Exercise goal:
Below are the records; repeat exactly their lines between the line holding "EPHRATA - Jennifer" and the line holding "This lightweight polyester", inclusive, skipping the pictures.

Given data:
——————

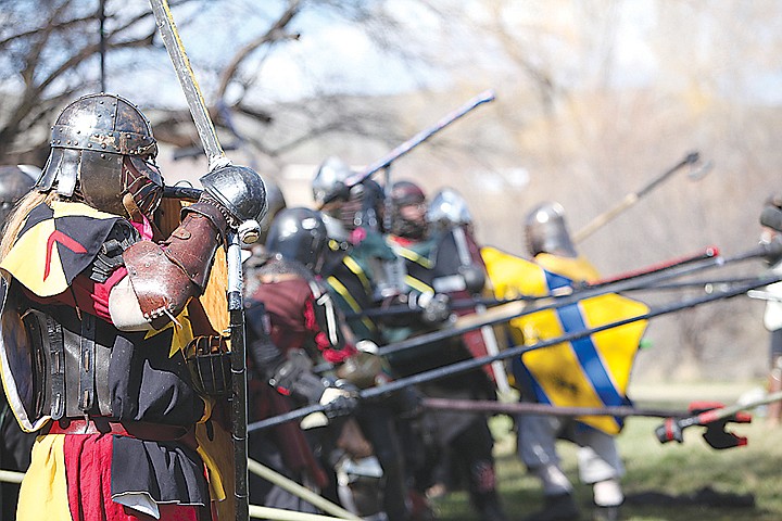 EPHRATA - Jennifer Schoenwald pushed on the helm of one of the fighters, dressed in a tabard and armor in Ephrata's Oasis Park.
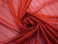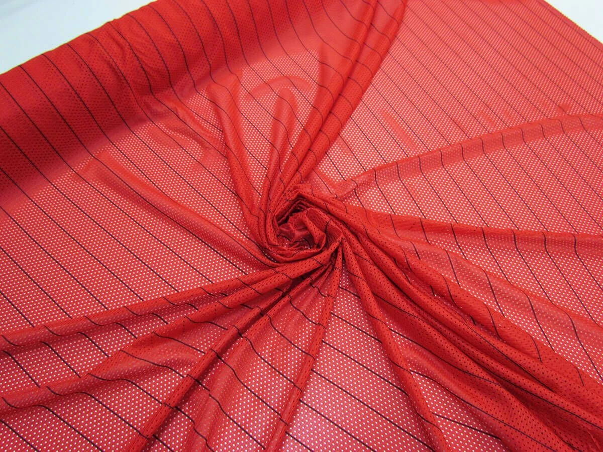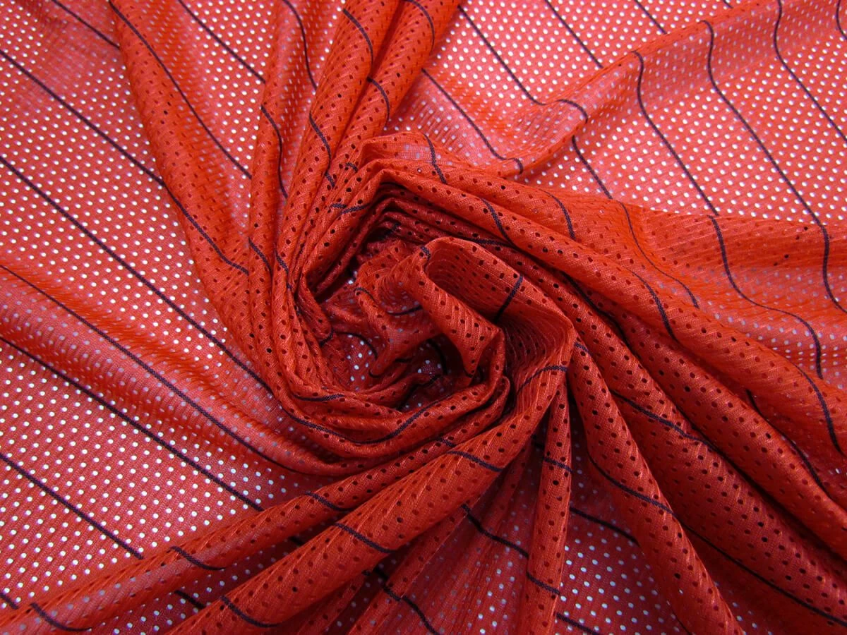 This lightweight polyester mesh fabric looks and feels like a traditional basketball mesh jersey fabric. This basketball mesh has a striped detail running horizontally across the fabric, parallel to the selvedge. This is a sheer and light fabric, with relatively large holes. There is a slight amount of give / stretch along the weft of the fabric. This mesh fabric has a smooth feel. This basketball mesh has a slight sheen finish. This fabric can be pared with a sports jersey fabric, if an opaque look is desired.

——————

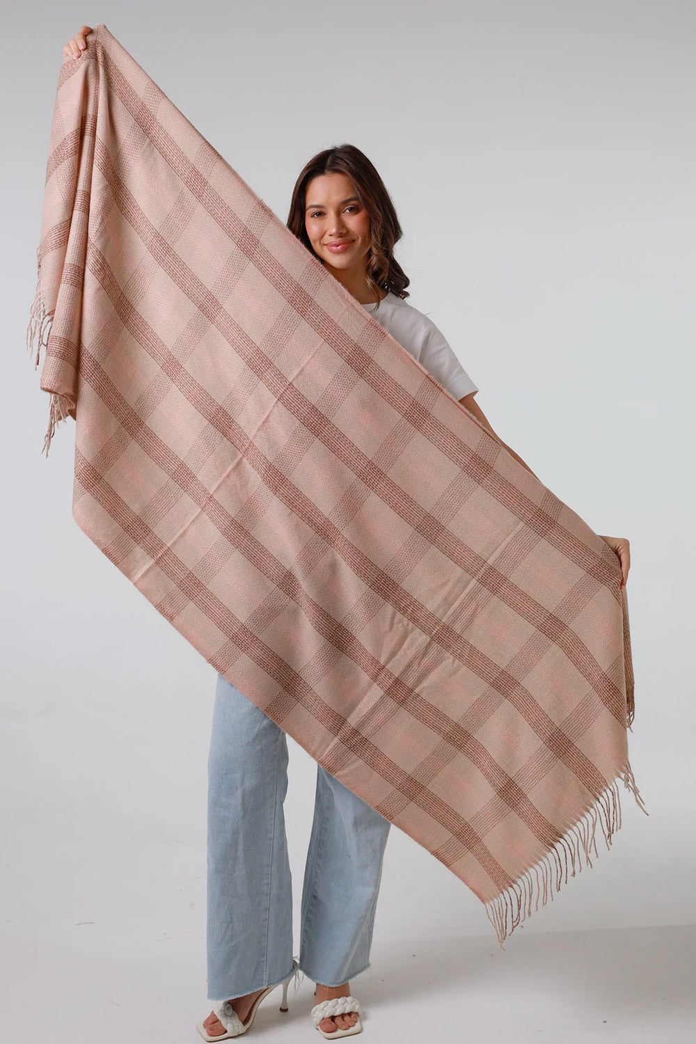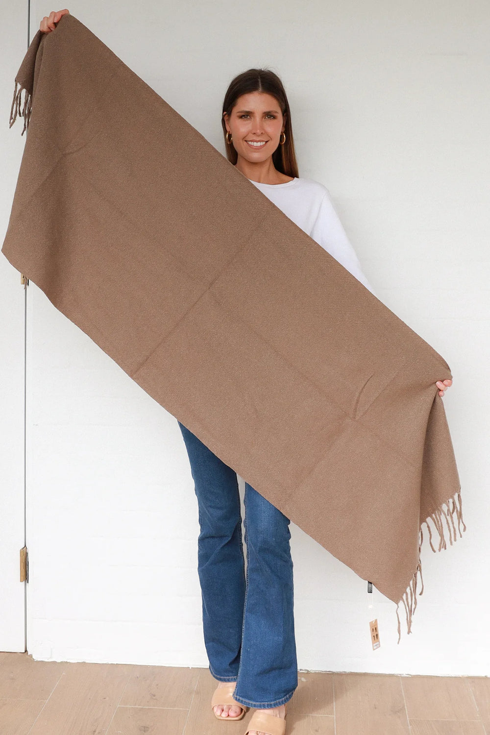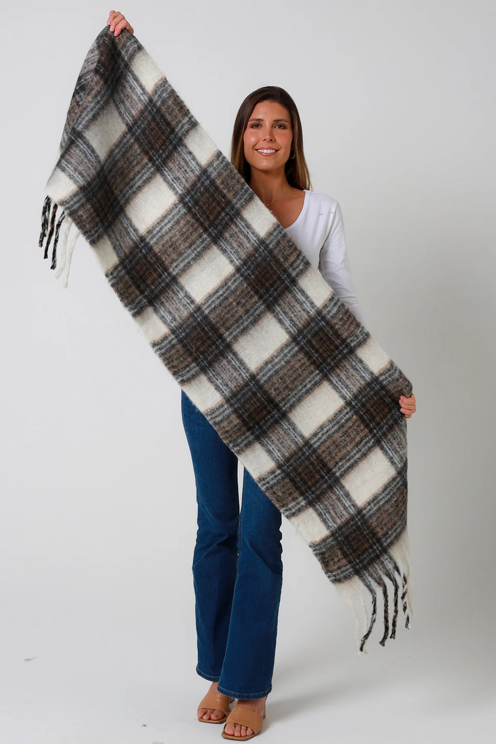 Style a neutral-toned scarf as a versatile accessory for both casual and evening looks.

——————

Written response:
 EPHRATA - Jennifer Schoenwald pushed on the helm of one of the fighters, dressed in a tabard and armor in Ephrata's Oasis Park.
 This lightweight polyester mesh fabric looks and feels like a traditional basketball mesh jersey fabric. This basketball mesh has a striped detail running horizontally across the fabric, parallel to the selvedge. This is a sheer and light fabric, with relatively large holes. There is a slight amount of give / stretch along the weft of the fabric. This mesh fabric has a smooth feel. This basketball mesh has a slight sheen finish. This fabric can be pared with a sports jersey fabric, if an opaque look is desired.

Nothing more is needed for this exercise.